Serious Dirty COW bug leaves millions of Linux users vulnerable to attack

A vulnerability discovered in the Linux kernel has been present for nine years, and users are being advised to seek out and install a patch as soon as they possibly can. Dubbed Dirty COW, the bug is a privilege escalation vulnerability which can be found in just about every Linux distro out there.

Discovered by security expert Phil Oester, Dirty COW is described as one of the most serious bugs of its type ever found in Linux. Assigned the code CVE-2016-5195, there is evidence that the vulnerability has been exploited and a website set up to alert people to the problem advises that the "security community should deploy honeypots that entrap attackers and to alert about exploitation attempts".

While the bug has now been patched, it's important that Linux users check that they have the patch installed. With Linux used to power so many web servers around the world, the potential impact of a successful exploit is huge. What’s particularly concerning about the exploit is that it is all but impossible for antivirus and security software to detect, and once exploited, there is no evidence of what has happened.

The description of Dirty COW on the Red Hat site explains:

A race condition was found in the way the Linux kernel's memory subsystem handled the copy-on-write (COW) breakage of private read-only memory mappings.

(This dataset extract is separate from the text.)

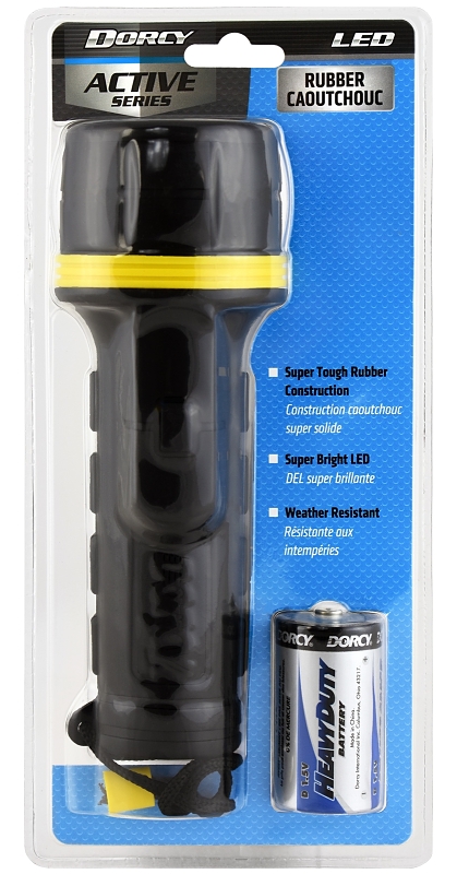 This flashlight is an excellent option for use around the home. It is constructed of tough, easy grip rubber for durability and long lasting life. Other features include a sleek and rugged design for comfortable handling, a non-slip grip, weather resistance and a sealed push-button switch for ease of use. Available in black and includes a convenient nylon lanyard and 1 D cell battery.

An unprivileged local user could use this flaw to gain write access to otherwise read-only memory mappings and thus increase their privileges on the system.

The Dirty COW advisory site was set up to help spread word of the problem. There is a stark warning that attacks could be very difficult to detect:

Although the attack can happen in different layers, antivirus signatures that detect Dirty COW could be developed. Due to the attack complexity, differentiating between legitimate use and attack cannot be done easily, but the attack may be detected by comparing the size of the binary against the size of the original binary. This implies that antivirus can be programmed to detect the attack but not to block it unless binaries are blocked altogether.

In an email to Ars Technica, Oester explains how he discovered the vulnerability:

Any user can become root in < 5 seconds in my testing, very reliably. Scary stuff.

The vulnerability is easiest exploited with local access to a system such as shell accounts. Less trivially, any web server/application vulnerability which allows the attacker to upload a file to the impacted system and execute it also works.

The particular exploit which was uploaded to my system was compiled with GCC 4.8.5 released 20150623, though this should not imply that the vulnerability was not available earlier than that date given its longevity. As to who is being targeted, anyone running Linux on a web facing server is vulnerable.

For the past few years, I have been capturing all inbound traffic to my webservers for forensic analysis. This practice has proved invaluable on numerous occasions, and I would recommend it to all admins. In this case, I was able to extract the uploaded binary from those captures to analyze its behavior, and escalate to the appropriate Linux kernel maintainers.